About this work
*Madame Girard* is a pastel on canvas, completed in 1900, measuring approximately 28⅝ × 21⅛ inches. The work is an intimate portrait — a face and figure pulled from shadow into a warm, concentrated light — rendered in the feathery, luminous strokes that pastel uniquely permits. Barney frames her subject with the kind of focused directness she absorbed from her training in the academic portrait tradition: the sitter fills the picture plane with quiet authority, the composition spare enough to demand that the viewer meet her gaze. The palette is characteristically subdued but alive — flesh tones warmed against darker, atmospheric grounds — and the handling of the medium gives the surface a softness that stops just short of dissolution. There is psychology here, not just likeness.
The painting dates to the year Barney began her salon on the Avenue Victor Hugo, where regular guests included Symbolist painters Lucien Lévy-Dhurmer, John White Alexander, and Edmond Aman-Jean, and her art began to show a Symbolist influence. *Madame Girard* sits at that exact threshold — still rooted in the academic portraiture of her teacher Carolus-Duran, but touched by the mood-laden interiority that defined fin-de-siècle Paris. The work was signed "Alice Barney 1900," placing it squarely in what was arguably the most intellectually charged period of her career. The painting now resides in the Smithsonian American Art Museum, gifted by Laura Dreyfus Barney and Natalie Clifford Barney in memory of their mother.

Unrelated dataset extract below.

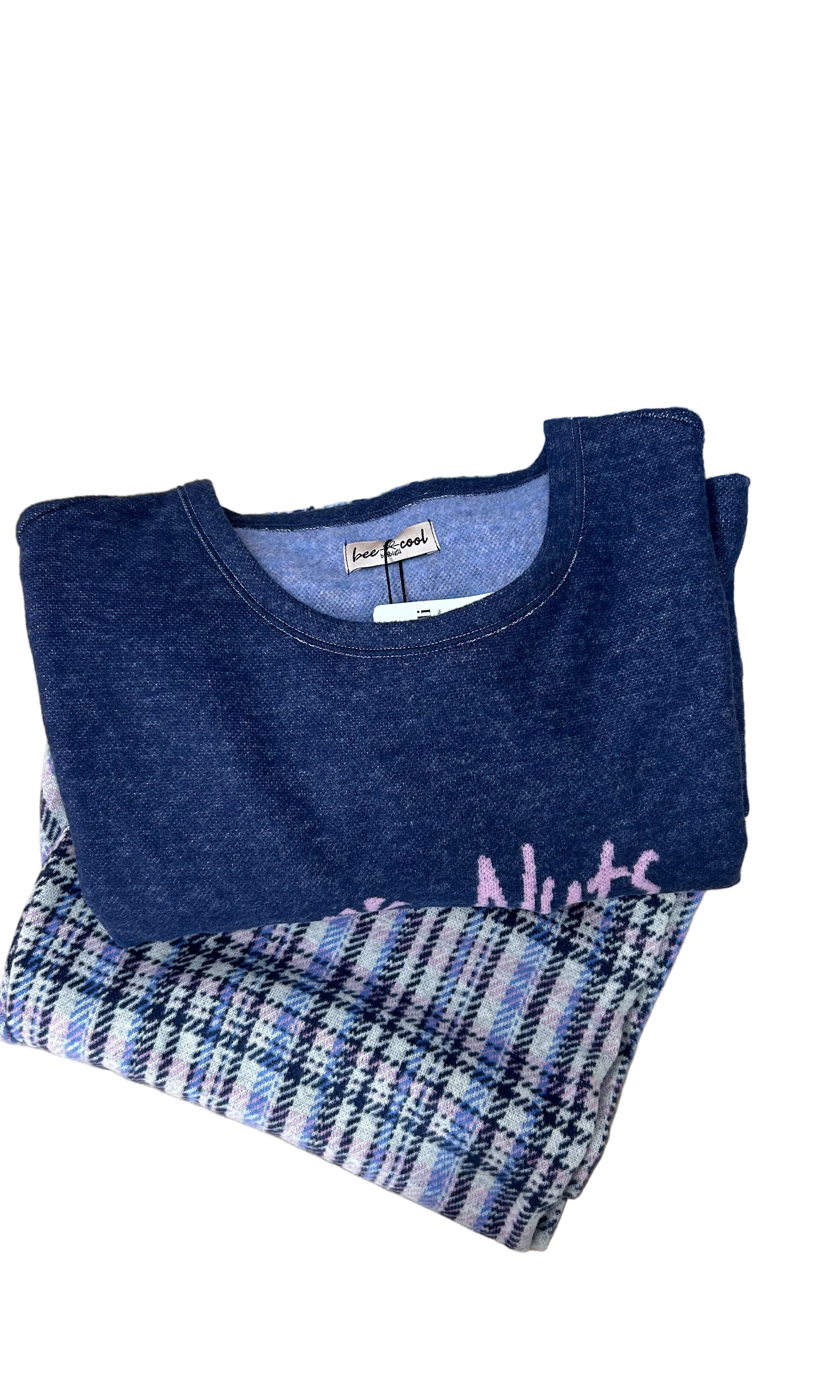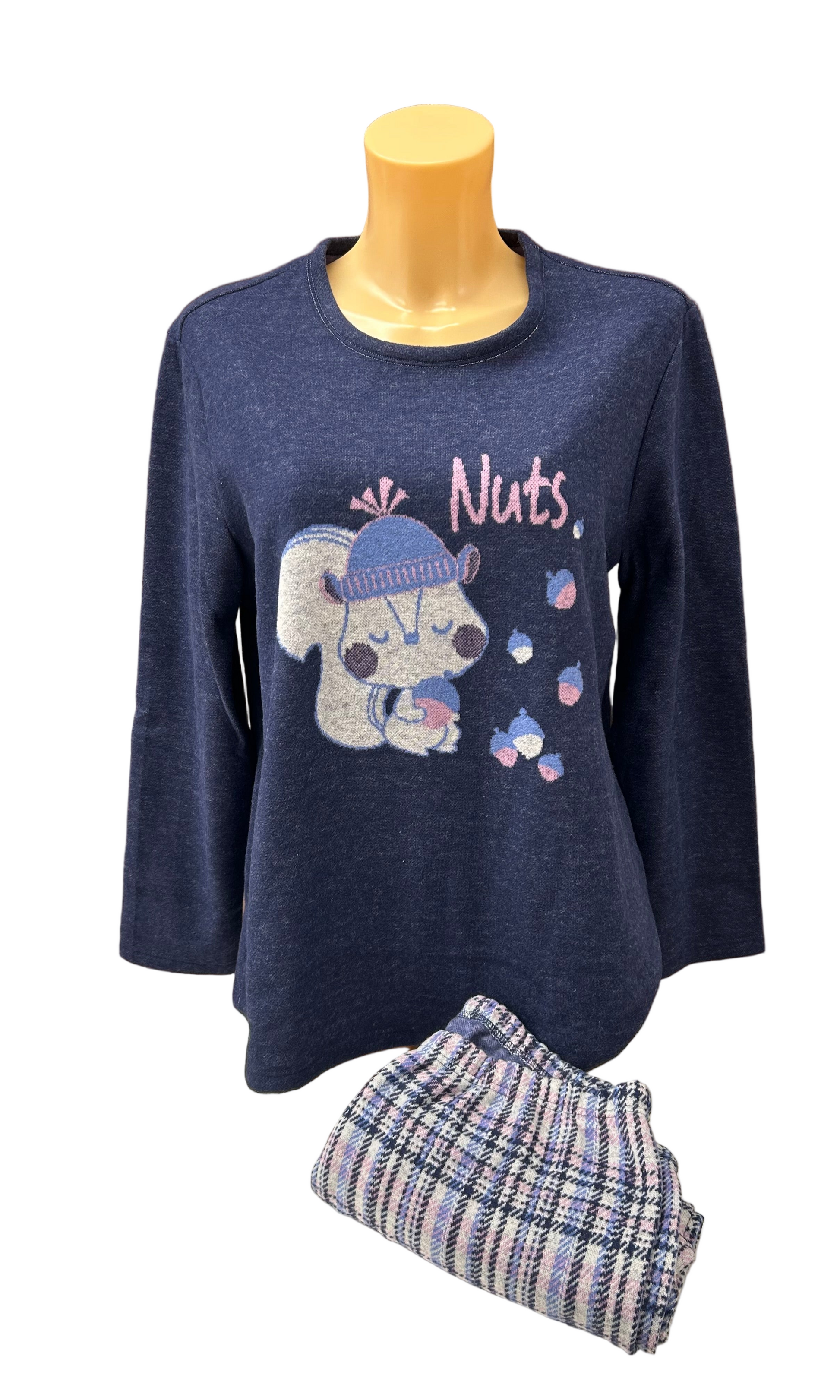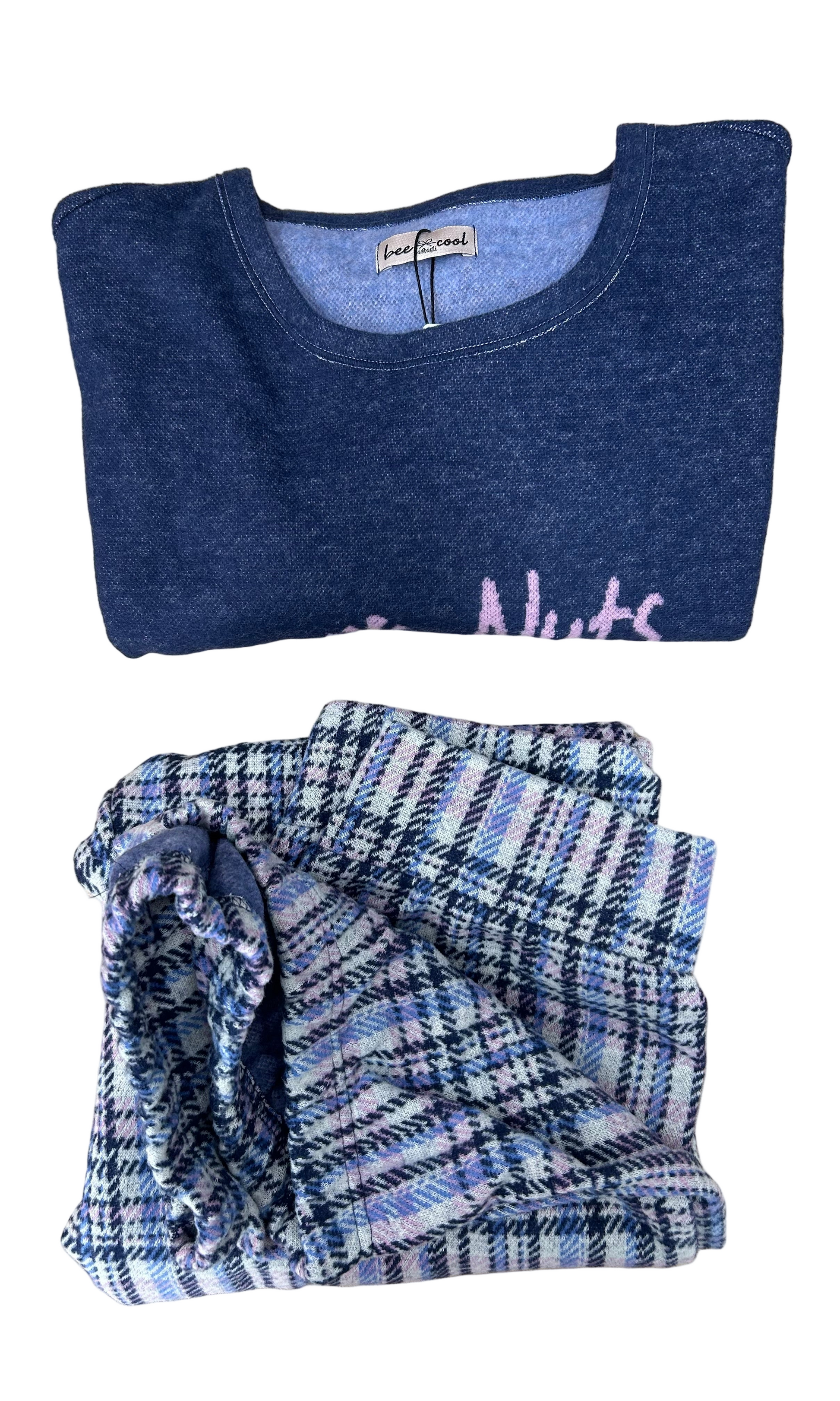 BP377850 BISBIGLI : pigiama girocollo serafino manica lunga, pantalone lungo. Realizzato in 100% pile rasato con percentuale in mischia di cotone. Stampa allover in check-quadro nel pantalone a contrasto con la maglia in tinta unita e stampa fantasia. Il pigiama in pile rasato BISBIGLI è il tuo nuovo compagno per la notte! Realizzato in morbido pile, ti garantirà un comfort ineguagliabile. Il pantalone a quadri scozzese dona un tocco di stile al design semplice ma elegante del pigiama, perfetto per le fredde notti d'inverno. Dormi sonni tranquilli e rilassati con BISBIGLI! Disponibile variante colore unica: 02BLU.

As wall art, *Madame Girard* rewards a room that earns its quiet — a study, a reading room, a hallway where you slow down. The work's intimacy of scale means it rewards proximity; this is not a painting that shouts across a gallery but one that holds a conversation at close range. It speaks most directly to the viewer drawn to portraiture as character study: someone who understands that a sitter caught in soft pastel light in turn-of-the-century Paris carries a whole world behind the eyes. The tonal restraint means it settles naturally against warm neutrals or dark walls, where the luminosity of the face becomes the room's focal point rather than competing with it.